You are scheduled to evaluate a 58 year-old male today with a physician’s order of potential cognitive deficits. You identify that the patient is in rehab after having a leg amputation. The patient is a bilingual (Spanish-English) speaker, so you use an interpreter for your evaluation. You ask a few questions regarding the patient’s activities of daily living (ADLs) and learn that he is pretty independent. You ask the patient “Do you feel like there are any differences in your thinking or organizing since you arrived here?” The patient states “Well…maybe I guess, it is hard to remember all the information I have received.”

You get ready to evaluate the patient and prepare some cognitive evaluation tasks that will help capture the patient’s strengths and areas of need. You begin by asking the patient some orientation questions (e.g., “What city are we in?, “What is the name of the place you are in right now?”).
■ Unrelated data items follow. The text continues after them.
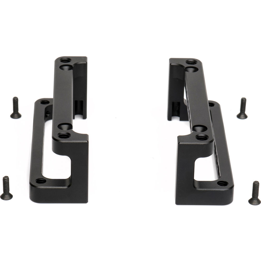 The SmallHD Mounting Cage for 503 UltraBright Monitor includes two metal brackets that attach to the monitor and provide mounting points for accessories. The brackets mount on the left and right sides of the monitor and provide 1/4"-20 and 3/8"-16 threads for accessories. They also feature slots for attaching the optional dedicated sun hood for this monitor, which secures by magnetic mini-rods into these slots. Four screws are included for attaching the cage to the monitor.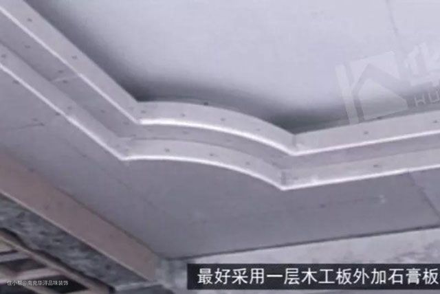 安装石膏板:调平验收后,先封一层5厘或9厘夹板,涂刷白胶后再封一层9厘纸面石膏板。石膏板用专用螺丝,安装必须牢固、严密、平整。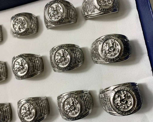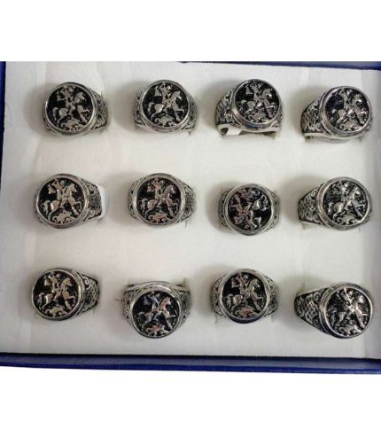 SILVER STAINLESS STEEL RING SAINT JORGE WITH BLACK BACKGROUND – Set of 12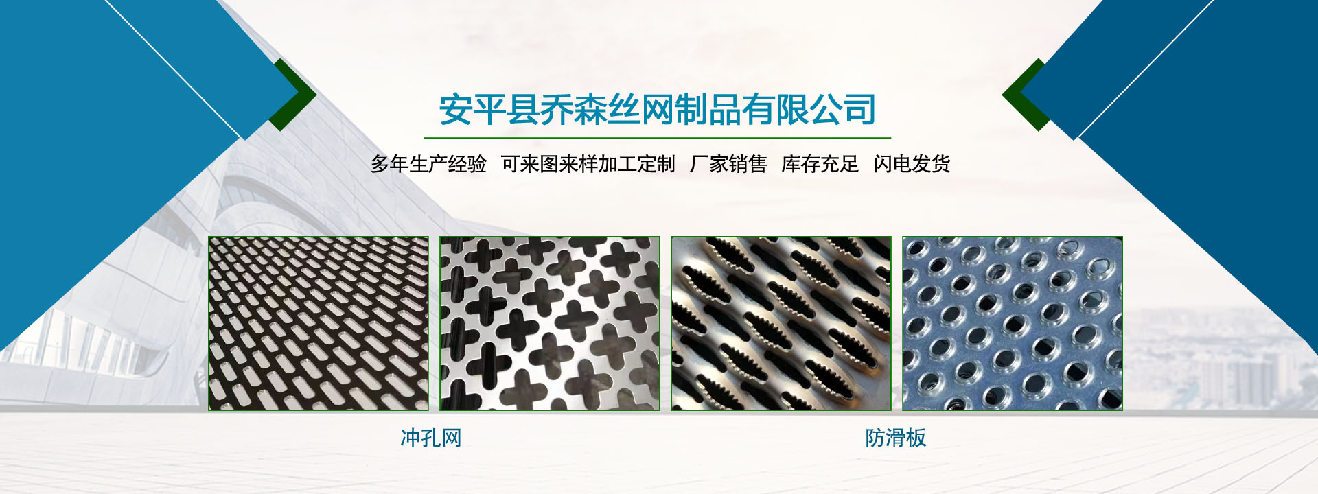 喬森絲網(wǎng)成立于2014年9月,位于中國絲網(wǎng)之鄉(xiāng)-河北省安平縣,是一家專注于生產(chǎn)金屬絲編織網(wǎng)、金屬網(wǎng)板沖孔及相關金屬裝飾絲網(wǎng)深加工產(chǎn)品的企業(yè)。從一個家庭式的小工坊到公司多年來,一直本著以“質量求生存,信譽謀發(fā)展”的生產(chǎn)原則兢兢業(yè)業(yè)穩(wěn)步向前,贏得了 一大批忠實客戶的廣泛贊譽。然騏驥一躍,不能十步,駑馬十駕,功在不舍。我們將以更周到的服務,更過硬的質量,不忘初心,為廣大的客戶提供更優(yōu)質的服務。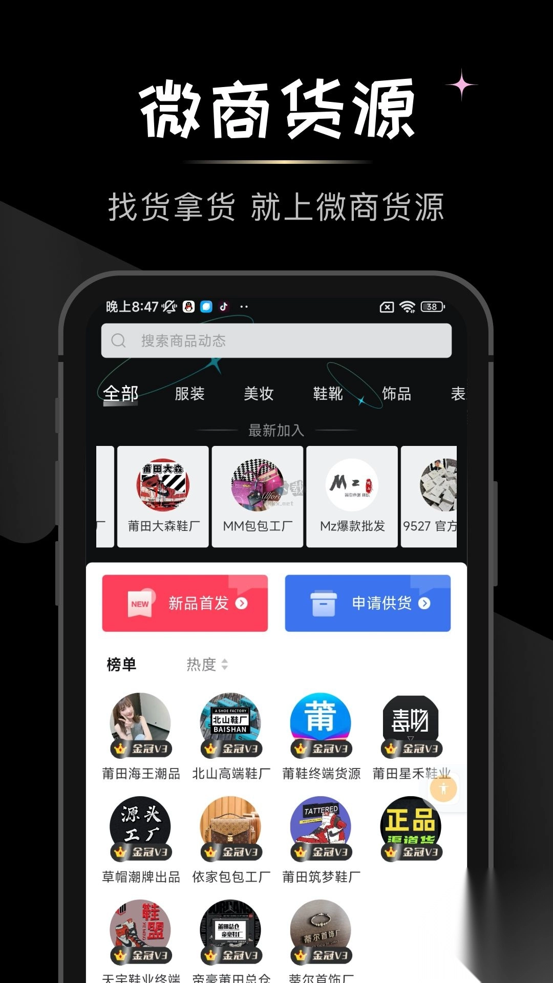 3、极速入驻:海量微商货源正在火热招商中,诚邀每一位怀揣梦想且具备能力的微商加入。在这里,你可以发布信息推广货源,招募代理伙伴,与众多微商一同共享优质货源。

Then, you have them complete some working memory tasks (e.g., backward digit span tasks) to get some insight into how they may perform with everyday life tasks that require working memory, such as remembering to write down an upcoming doctor’s appointment on a calendar. Finally, you give them a clock drawing task to measure their visuospatial skills and because it is a good indicator of cognitive deficits. The patient performs poorly on almost all tasks. You pick him up on your caseload and diagnose the patient with a cognitive deficit, and write your report along the lines of “Patient is a 58 year old male with mild to moderate cognitive deficits in the areas of memory, organization and orientation.”

Sounds familiar if you are a speech-language pathologist (SLP) in the health care setting, right? Let’s discuss what the SLP missed in this case. The client arrived to the United States (U.S.) approximately 3 weeks ago after realizing he needed an emergency surgery following an accident involving his leg. He had grown up and lived in Costa Rica his entire life. He was independent with ADLs, which included managing finances with cash and working full time as a farmer. He enjoyed farming and had been farming almost his entire life. He had to leave school early to help his family maintain the farm, and he had been doing that ever since. When asked, “Tell me about how the leg surgery may impact your daily life.” He describes that he is going to have difficulty with completing things he is used to doing on his own (e.g., bathing, dressing, farming). However, he describes that his family is very supportive and his daughter is taking time off from work so that she can take care of him and help him as needed.

Given the above information, the evaluation is incomplete because it doesn’t capture the whole client. It is difficult to answer spatial orientation questions in a place you just arrived to, especially in an entirely new country. Clock drawing tasks, by nature, assume prior knowledge of a clock. Some individuals from other countries may not be familiar with the analog type of clock we ask clients to draw during this task. Finally, working memory tasks are biased amongst populations of low education level (Souza-Talarico, Caramelli, Nitrini, & Chaves, 2007). That is, there are correlations between education levels and working memory performance (Souza-Talarico et al., 2007), thus individuals with lower education levels may perform poorly on working memory tasks without having true working memory deficits.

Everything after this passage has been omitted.